Beim Wiederaufbau des Wohnraums nach dem Kosovo-Konflikt in 1998/1999 kam es zu problematischen Eigentumsverhältnissen, die es in der Ukraine zu vermeiden gilt. Dafür legten die sogenannten „Lugano-Prinzipien“ der Luganokonferenz den Grundstein. Im letzten Sommer kamen eine breite Menge an Geberstaaten, Nichtregierungsorganisationen und Finanzinstituten mit der Ukraine in Lugano zusammen und sicherten massive finanzielle Mittel zu sowie skizzierten die Prinzipien dessen Ausschüttung. Es wurde sich darauf geeinigt einen transparenten, rechtstaatlichen, grünen und marktwirtschaftlichen Wiederaufbauprozess zu garantieren. Dementsprechend sollen private Unternehmen eingebunden, die grüne Transformation vorangebracht und die Rechtsstaatlichkeit systematisch gestärkt werden, um Vetternwirtschaft und Korruption einzudämmen. Weitere Details zur praktischen Umsetzung werden bei den Folgekonferenzen in dem Vereinigten Königreich in 2023 und Deutschland in 2024 vereinbart werden.

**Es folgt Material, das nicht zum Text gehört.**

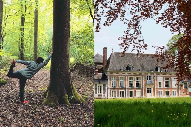 Au programme, il y aura des asanas en contact avec les arbres en utilisant des postures de hatha yoga et yin yoga. Se dérouleront des méditations au lever (ou au coucher) du soleil, des balades avec découverte de la forêt, de la marche afghane, des marches des cinq sens, silencieuses et méditatives. Les participants pourront (avec un peu de chance) apercevoir des animaux sauvages (biches, cerfs…). Le Land art permettra de développer sa créativité artistique de manière ludique en interaction les uns avec les autres. Selon l’heure de la journée et la température extérieure, les séances de yoga se poursuivront dans le parc ou l’un des très beaux salons du château. Cette retraite s’adresse aussi bien aux débutants qu’aux adeptes du yoga et de la sylvothérapie. L’absence de compétition, l’entraide et le goût de la progression par rapport à soi-même seront au cœur de la pratique dans un cadre bienveillant et ludique.
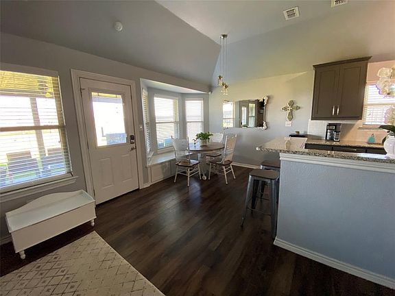 Beautiful country living on a 1 acre lot. Livestock welcomed with a fully surrounding fenced in yard with a pond in the back. A new 20x35 metal shop. An exceptionally upgraded 3 bed 2 bath home for sale in the highly desirable Ponder ISD. Enjoy the 8' stained wood fence for ultimate privacy in the back yard. The floors are beautiful distressed engineered laminate wood flooring with cork backing throughout. Open kitchen to family to breakfast nook and split master bedroom layout. Granite countertops, stainless appliances, nest thermostat, front door video doorbell, elegant exterior down lighting, huuggee covered back porch. This one has everything you want in country living just minutes from everything you need.

Die Lugano-Prinzipien sind demnach als Versicherung des Privateigentums zu werten. Sie lassen hoffen, dass die Zuordnung der Wohnräume (renovierter und neu errichteter Wohnräume) nach klaren demokratischen und rechtsstaatlichen Prinzipien und Regeln erfolgt. Dennoch gilt, dass Deutschland und die EU die Prozesse eng begleiten werden, aber die Ukraine für die Strukturen und Organisation des Wiederaufbaus selber verantwortlich ist.